The Church's purpose, says he, should be the same as it was nineteen hundred years ago: to proclaim "the nature of God, the nature of man, the right relationship between the two, as these are revealed in the person and teaching of Jesus called the Christ." The result of such proclamations, Bell is sure, would be trouble. But if the Church would get out in the world and make trouble, people would respect it. Bell wishes there were more churchmen like the Archbishop of Canterbury speaking out on economic questions. He confesses that all the "earnest chatter" of churchmen about religion in the postwar world leaves him cold. The Church itself, he claims, does not take Jesus' teachings seriously--why should it expect politicians to take the Church seriously?

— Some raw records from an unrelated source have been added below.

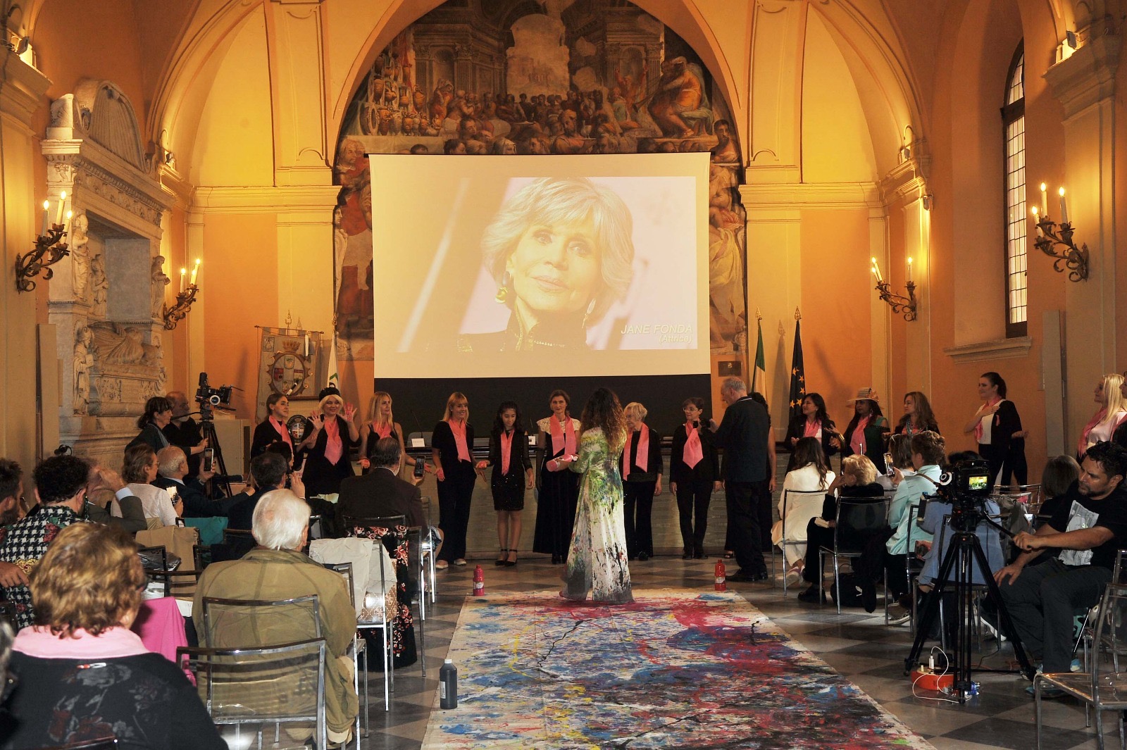 In chiusura, sulle note del M° Fabio Lombardi, l’Attrice Patrizia Bellucci, ha recitato alcuni versi dedicati al seno tratti da “Il Libro del Seno – Bellezza, Sogno e Vita” della Dott.ssa Santa Impellizzieri, mentre in contemporanea la Performer Francesca Chialà continuava a dipingere la sua tela di rosa, verde e fucsia.
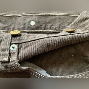 The product is a pair of vintage Levi's 501 men's jeans in size 36x30, featuring a brown color and a button fly. These straight leg jeans are a unique and classic addition to any wardrobe. With the iconic Levi's brand and timeless straight leg style, these jeans offer a comfortable and stylish option for everyday wear. As pictured I believe these to be altered to be able to be used with buckle suspenders. There’s studs on the front and back waist band area. Still a great vintage piece with lots of life left.
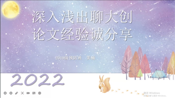 (通讯员 廖映 李雪 陈芷汀)4月8日晚,医学院团委青年创新创业指导中心于线上举办精勤讲堂之“深入浅出识大创,论文经验诚分享”主题讲座。讲座由2021级临床二班的吴心欣主持,主讲人为2019级预防班姜楠,医学院部分学生参与此次讲座。
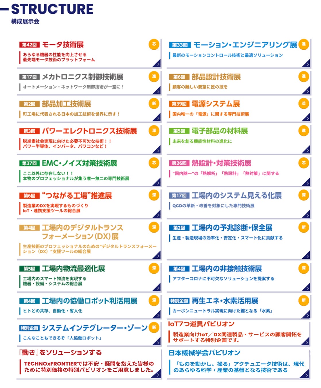 国内唯一の「モータ技術展」や「電源システム展」を有するTECHNO-FRONTIERは、全22の展示会で構成されています。そのため、専門分野だけでなく、関連業界の情報や最新技術、業界動向なども合わせてご覧いただくことができます。
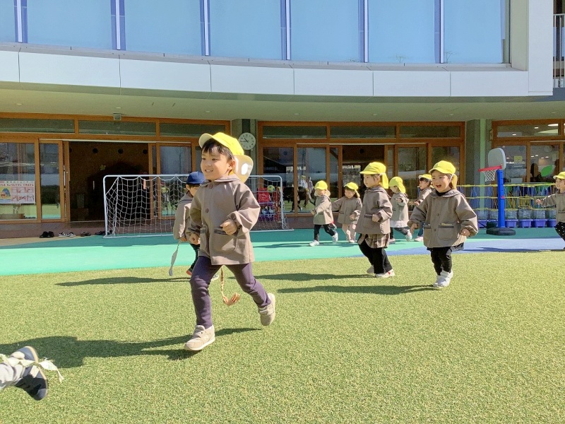 年少組は朝の一斉活動の時間に、「しっぽ取り」を楽しみました!
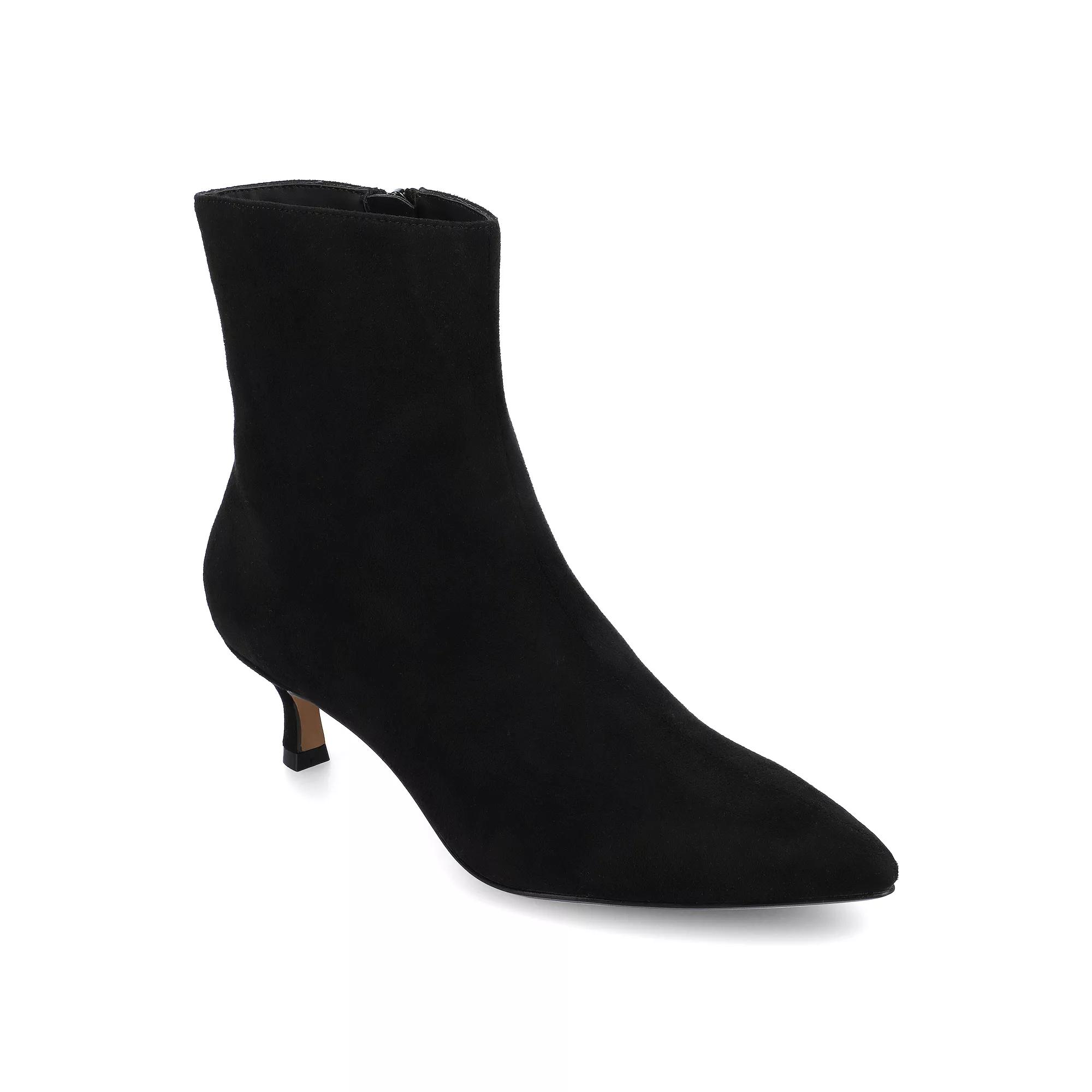 The pointed-toe bootie that gets straight to the point: you look incredible. Arely brings that sleek sophistication you've been searching for, with a kitten heel that means business and an inside zipper that's pure genius.Soft faux leather wraps around our 4mm Journee Comfort System insole because sharp style shouldn't come with sharp pain. This is comfort as your superpower — the kind that carries you from that big presentation to dinner plans without missing a beat.Whether you're commanding the conference room or catching up with your crew, Arely keeps you grounded in comfort and elevated in style. Because the best accessory? Confidence that doesn't hurt your feet. Click this FOOTWEAR GUIDE to find the perfect fit and more! - https://www.kohls.com/feature/shoesizeguide.jsp. SHOE FEATURES: footbed, Side zipper for easy on and off, Kitten heel. SHOE CONSTRUCTION: Faux-leather upper, Fabric lining, Polyurethane outsole. SHOE DETAILS: Pointed toe, Zipper closure, 2-in. heel, 6-in. shaft height, 11-in. circumference, footbed, Spot clean, Imported. Size: 7.5. Color: Black Suede. Gender: female. Age Group: adult.
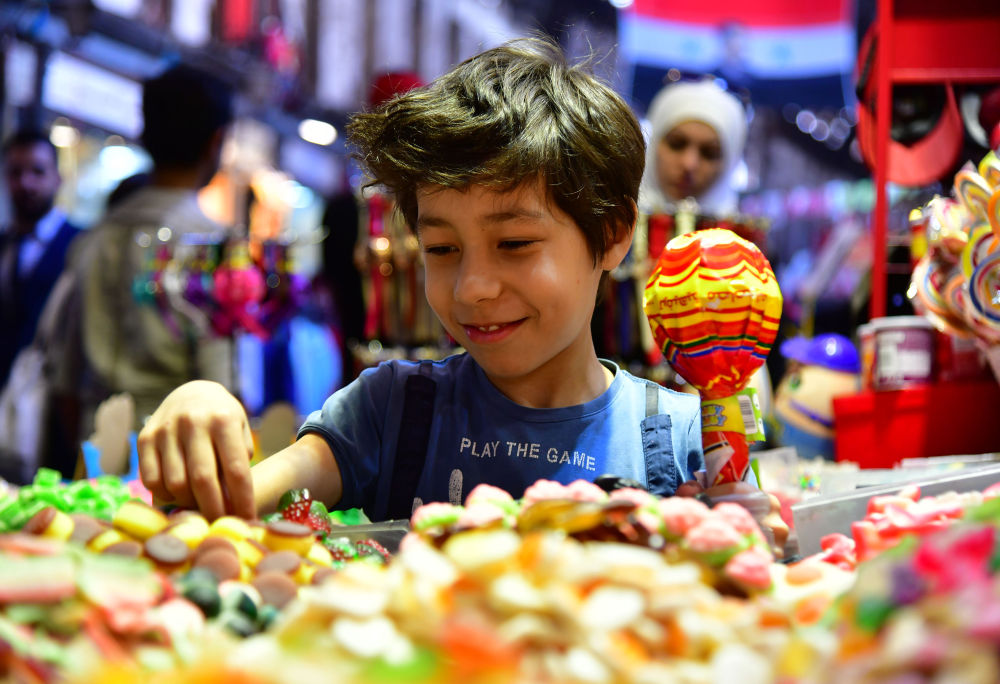 2021年5月11日,一名儿童在叙利亚首都大马士革的市场上挑选糖果。新华社发(阿马尔·萨法尔贾拉尼摄)
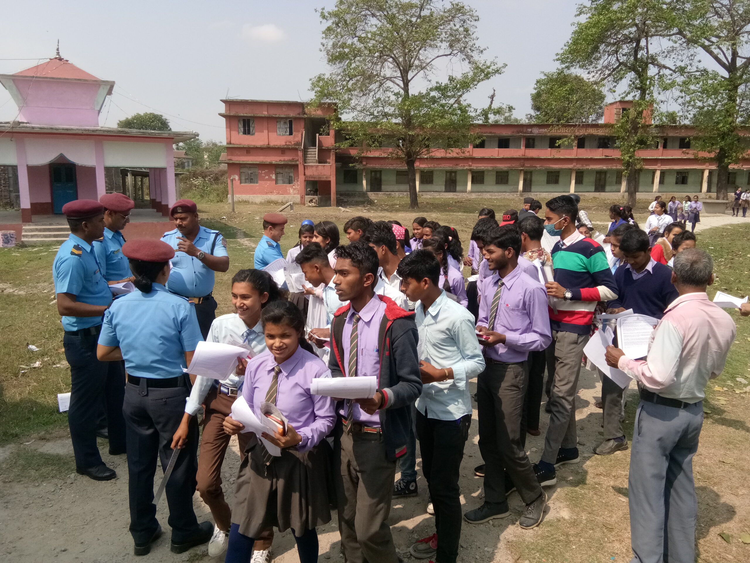 एसइइ परीक्षा दिइ सकेपछीको खाली समयमा बिद्यार्थीहरु लाइ लागु औषध बिरुद्ध चेतना जगाउन गौरीगञ्ज वडा नँ ३ का वडाध्यक्ष मखना महतो गौरीगञ्ज माबिका प्रअ गोबिन्द घिमिरे लगायत इलाका प्रहरी कार्यालयको टोली पर्चा बितरणमा आफै खटिएका थिए ।
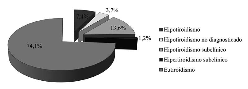 En relación a patología tiroidea, 6 pacientes (7,4%) tenían el diagnóstico previo de hipotiroidismo y se encontraban en tratamiento. Según las mediciones de TSH y T4 total o T4L, 3 (3,7%) tenían hipotiroidismo no diagnosticado, 11 (13,6%) HSC y 1 (1,2%) hipertiroidismo subclínico. Ningún paciente presentó hipertiroidismo (Figura 1).
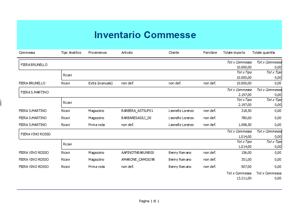 Il report permette di analizzare l’inventario delle commesse con dettaglio del tipo di analitico, della provenienza, dell’articolo, del cliente e del fornitore
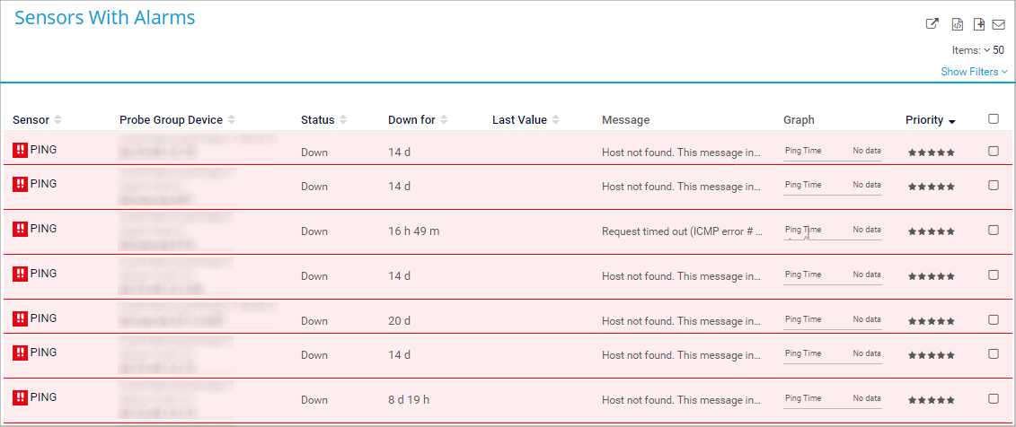 Click the Alarms tab of a probe, group, or device to show a table list of all sensors on the selected object that show the Down, Down (Partial), Down (Acknowledged), Warning, or Unusual status. This list is a subset of the entries that are available via the Alarms | All option in the main menu bar.
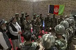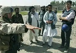 In 2009 the Taliban began moving even more men into Nawa, possibly for additional attacks against Lashkar Gah. On May 13, they launched an attack against the Afghan National Police in the district, that overwhelmed several posts. By late spring they had established a solid foothold in the district.[12] On July 2, 2009, Marines from the 1st Battalion, 5th Marines (1/5) occupied the district as part of Operation Strike of the Sword. They set up their headquarters in Forward Operating Base Geronimo. On August 26, Lance Corporal Donald Hogan, a Marine with 1/5, threw himself in front of an improvised explosive device (IED), saving the Marines in his squad. He was later posthumously awarded the Navy Cross for his actions.[13] In December, 1/5 was replaced by 1st Battalion, 3rd Marines.[14][15] In the late summer and early fall the Marines detained Haji Adam, one of Nawa's main drug lords, and turned his house into Combat Outpost (COP) Sullivan.[16] In November two local officials were assassinated.[17] On December 17, Admiral Mike Mullen, the Chairman of the Joint Chiefs of Staff, visited Patrol Base Jaker and touted the security gains by touring the Nawa district center without wearing body armor.[18] Several weeks later Afghan President Hamid Karzai and ISAF commander General Stanley McChrystal also visited Nawa on January 2, 2010.[2] On January 9 British journalist Rupert Hamer and two Marines were killed by an IED in the district.[19]
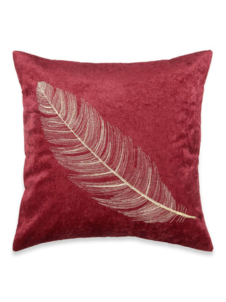 FABINALIV Set of 5 Maroon Floral Cotton Blend Square Cushion Covers (40X40 cm)
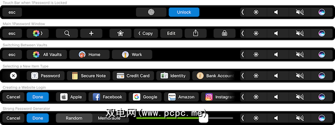 您还可以使用Touch Bar切换密码库或类别,创建新条目,锁定
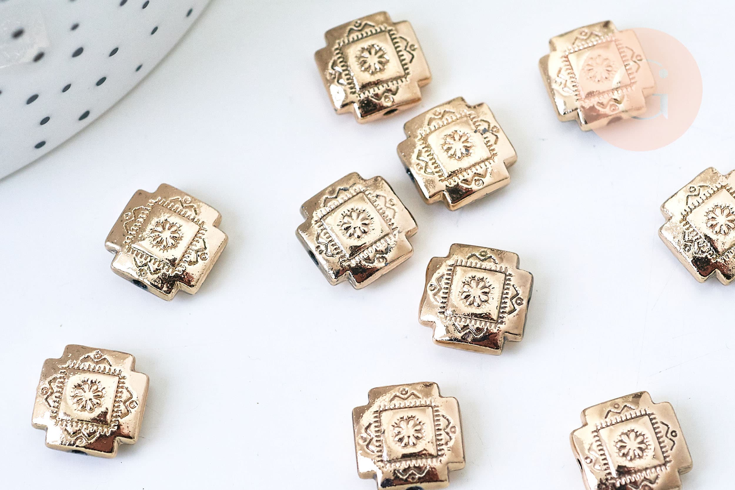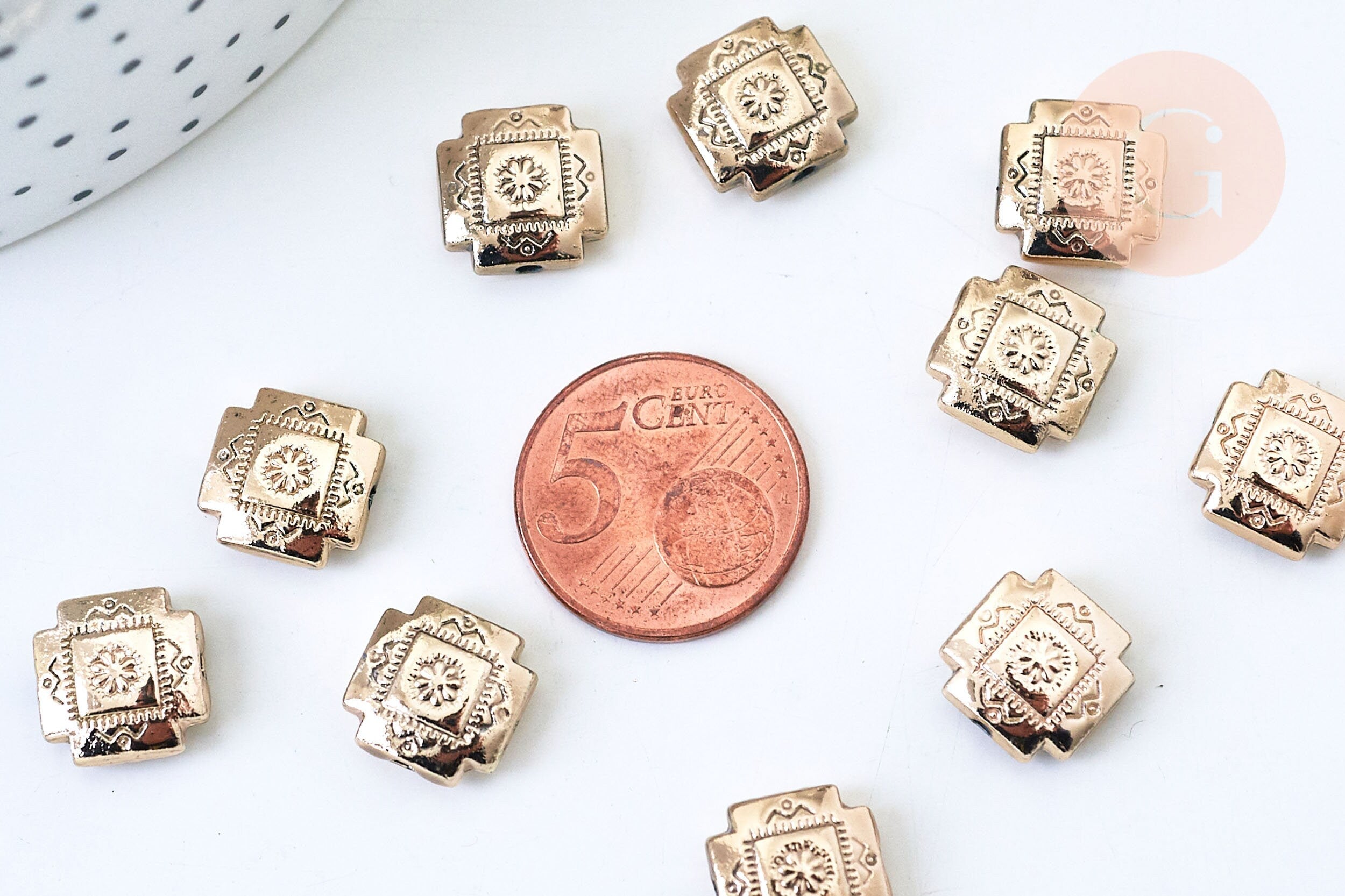 Adopte inmediatamente estas adorables cuentas cuadradas de zamac dorado para crear sus pequeñas joyas de la suerte: ideales para crear pendientes, pulseras y collares. Están grabadas con una flor y un patrón alrededor del contorno de la perla. ¿Y por...
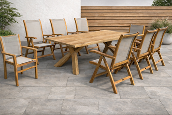 je vyroben z odolného recyklovaného teakového dřeva pocházejícího z Indonésie. Vyniká vysokou tvrdostí, dlouhou životností a přirozenou odolností vůči vlhkosti a škůdcům.
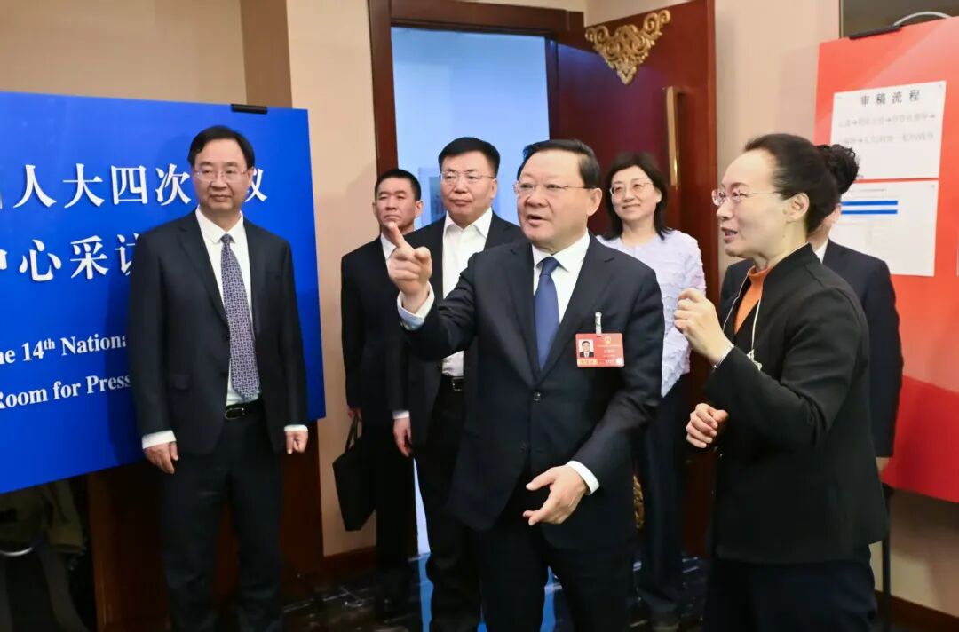3月6日,自治區(qū)黨委書記、人大常委會主任王偉中,自治區(qū)黨委副書記、自治區(qū)人民政府主席包鋼在內(nèi)蒙古日報社兩會報道工作間與記者代表親切交流,詳細(xì)了解宣傳報道情況。草原云·內(nèi)蒙古新聞網(wǎng)記者 馬建兵 攝

Bell's seven fundamentals: 1) the things which matter most are beyond the power of the grave to destroy; 2) all men are made to live for one another in a mutually sacrificing sociality; 3) servants are literally more pleasing to God than masters; 4) only a fire of self-effacement can bring happiness to mankind; 5) the task of world improvement should not be left to future generations; 6) children are the most important people in the world and the Church should educate them; 7) it is immoral to lay up riches to buy exemption from productive labor, and a Christian security must be a social security.
Short, chubby, beetle-browed Bernard Iddings Bell, 56, went to the University of Chicago, was a chaplain at the Great Lakes Naval Station in the last war. Then for 14 years he headed St. Stephen's College, Annandale-on-Hudson, N.Y. With the help of the late Metropolitan Life Insurance president Haley Fiske, and the late vaudeville impresario Edward Albee, Bell raised about a million dollars to revolutionize the St. Stephen's faculty and methods. But the depression spoiled his alans and Columbia University took over :he college, renamed it Bard.
Bishop James De Wolf Perry of Rhode Island made Bell an honorary canon of St. John's Cathedral, Providence. But of late years he has steered clear of parochial duties. Bell offends some listeners by his acid speech, Socialist ideas and condescending manner. He also lost a great deal of his popularity in Britain by constant gibes at imperialism.
His brilliance is generally conceded, but he is not popular with bishops. He lists his politics in Who's Who as "Radical Independent." Today Bell writes in the Atlantic, lectures in the leading universities, broods about a civilization "corrupted through and through with malignancy."